--- ENTRIES PROVIDED ---
------------------------------------

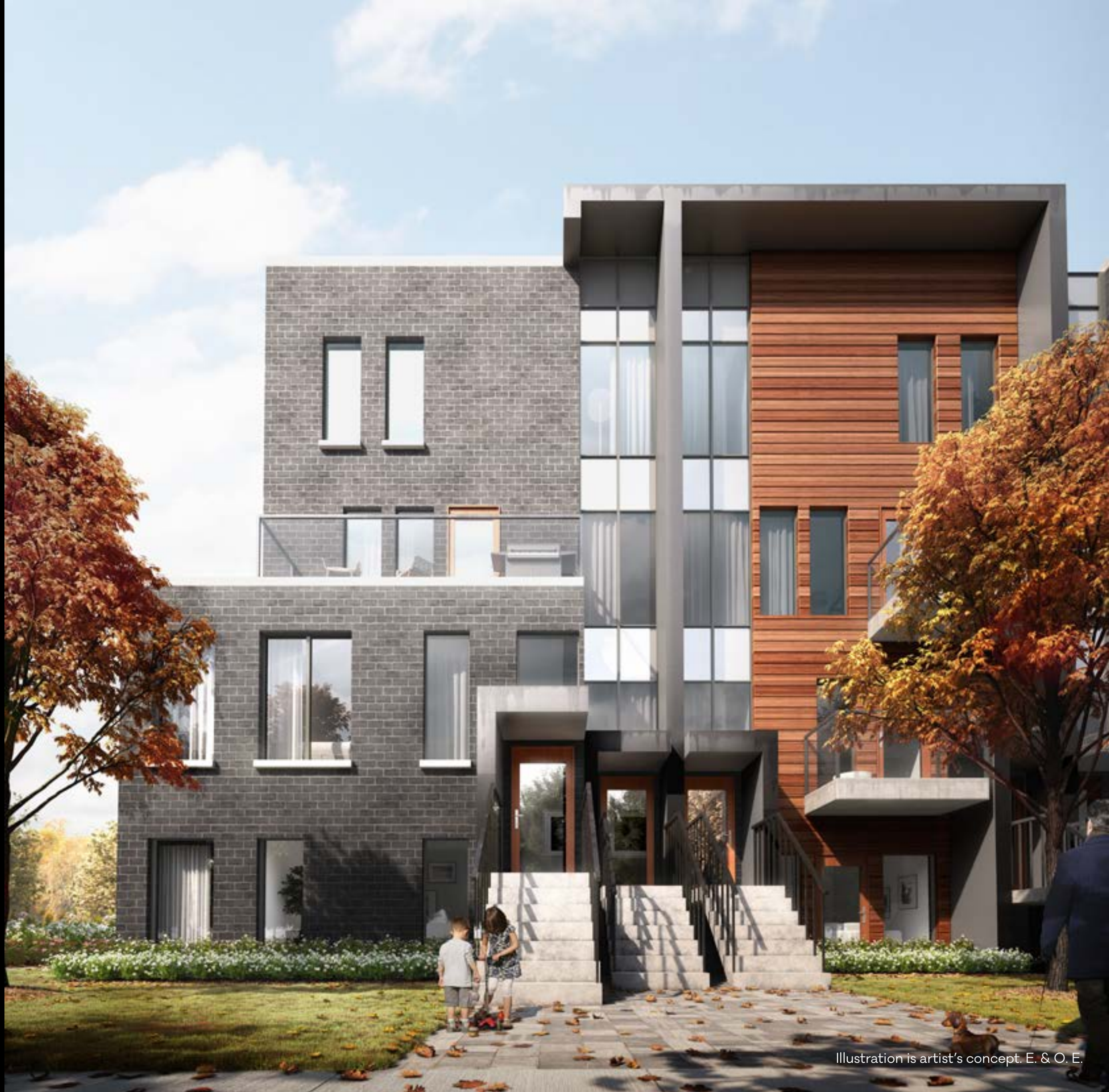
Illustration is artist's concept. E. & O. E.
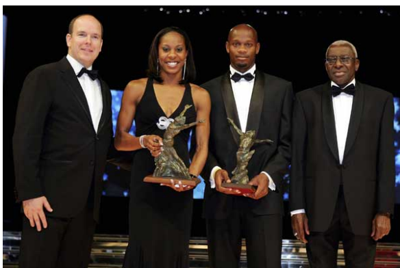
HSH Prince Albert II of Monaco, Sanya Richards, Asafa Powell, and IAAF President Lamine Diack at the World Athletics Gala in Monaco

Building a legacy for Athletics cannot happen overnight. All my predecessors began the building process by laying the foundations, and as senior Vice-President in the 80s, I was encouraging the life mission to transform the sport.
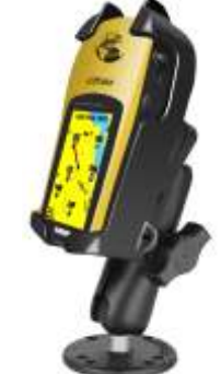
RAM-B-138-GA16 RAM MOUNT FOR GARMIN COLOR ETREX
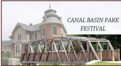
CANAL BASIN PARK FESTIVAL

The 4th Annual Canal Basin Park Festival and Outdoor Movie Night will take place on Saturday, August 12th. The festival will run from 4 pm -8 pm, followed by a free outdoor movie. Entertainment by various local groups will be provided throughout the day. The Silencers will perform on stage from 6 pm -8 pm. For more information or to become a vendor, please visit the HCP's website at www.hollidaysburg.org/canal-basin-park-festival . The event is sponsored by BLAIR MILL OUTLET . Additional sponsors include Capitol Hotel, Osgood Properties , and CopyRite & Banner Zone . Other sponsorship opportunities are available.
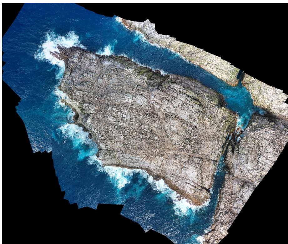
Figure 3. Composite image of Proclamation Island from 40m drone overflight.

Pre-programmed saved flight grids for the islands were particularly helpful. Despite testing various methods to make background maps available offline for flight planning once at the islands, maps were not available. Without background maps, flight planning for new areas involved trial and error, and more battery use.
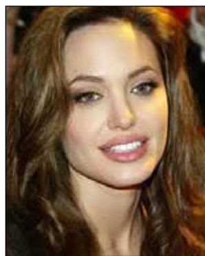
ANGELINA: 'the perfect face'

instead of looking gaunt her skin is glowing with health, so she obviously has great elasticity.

------------------------------------

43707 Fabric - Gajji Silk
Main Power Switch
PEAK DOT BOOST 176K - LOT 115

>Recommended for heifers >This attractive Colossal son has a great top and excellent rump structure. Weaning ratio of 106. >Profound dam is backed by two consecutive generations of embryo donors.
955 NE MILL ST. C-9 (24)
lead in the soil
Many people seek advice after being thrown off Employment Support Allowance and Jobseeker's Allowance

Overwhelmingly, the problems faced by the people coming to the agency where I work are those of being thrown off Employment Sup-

------------------------------------

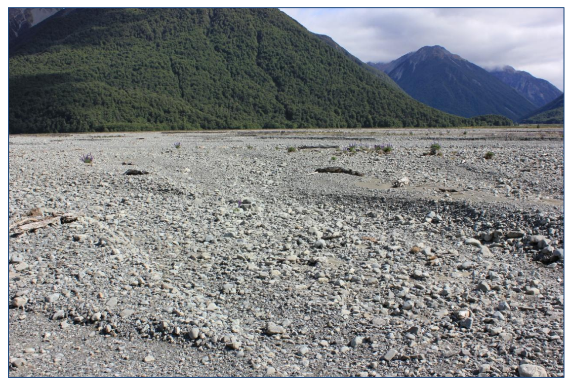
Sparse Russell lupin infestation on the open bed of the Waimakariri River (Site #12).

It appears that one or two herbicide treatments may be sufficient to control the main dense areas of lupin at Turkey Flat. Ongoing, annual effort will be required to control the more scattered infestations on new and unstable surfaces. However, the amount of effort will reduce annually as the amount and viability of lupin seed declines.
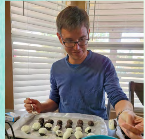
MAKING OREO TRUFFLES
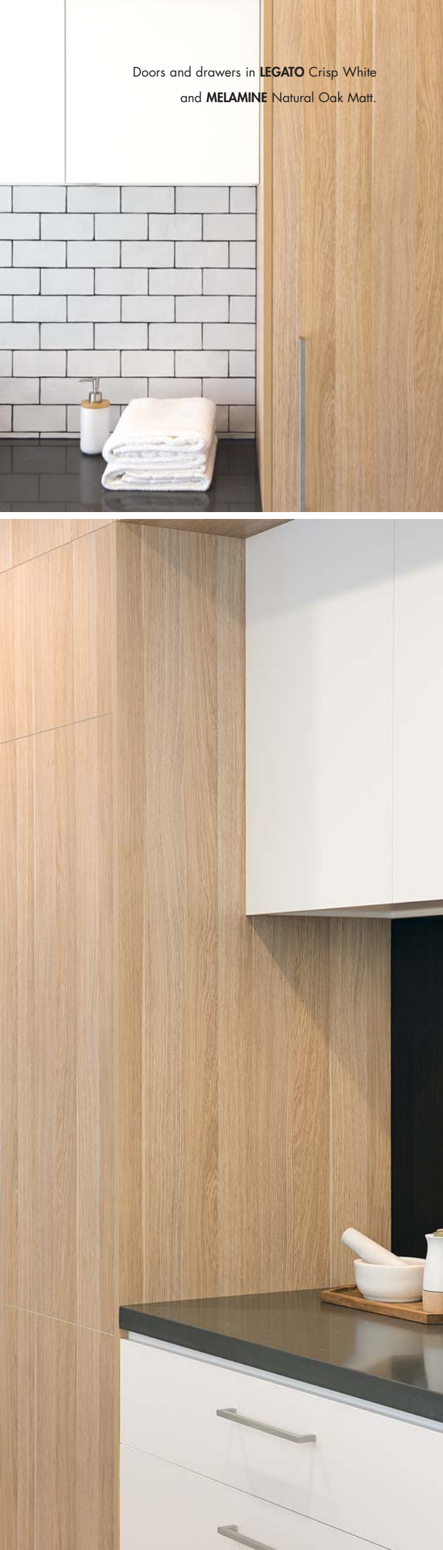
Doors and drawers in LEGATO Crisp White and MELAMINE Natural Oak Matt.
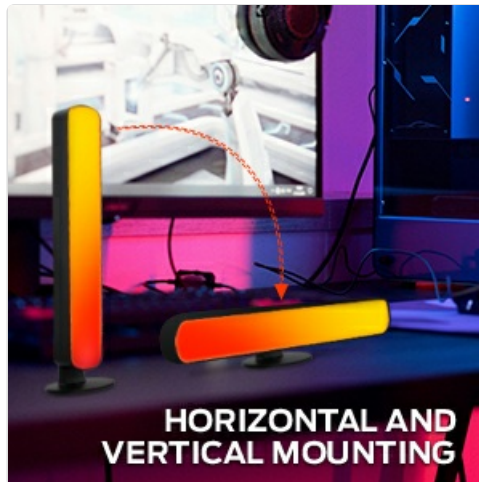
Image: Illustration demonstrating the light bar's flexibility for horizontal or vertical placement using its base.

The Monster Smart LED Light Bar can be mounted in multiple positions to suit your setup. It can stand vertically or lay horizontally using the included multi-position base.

------------------------------------

Reproduce, exactly as they stand in the data above, the lines from the one that holds "Main Power Switch" to the one that holds "Overwhelmingly, the problems", inclusive.

--- EXPECTED ANSWER ---
Main Power Switch
PEAK DOT BOOST 176K - LOT 115

>Recommended for heifers >This attractive Colossal son has a great top and excellent rump structure. Weaning ratio of 106. >Profound dam is backed by two consecutive generations of embryo donors.
955 NE MILL ST. C-9 (24)
lead in the soil
Many people seek advice after being thrown off Employment Support Allowance and Jobseeker's Allowance

Overwhelmingly, the problems faced by the people coming to the agency where I work are those of being thrown off Employment Sup-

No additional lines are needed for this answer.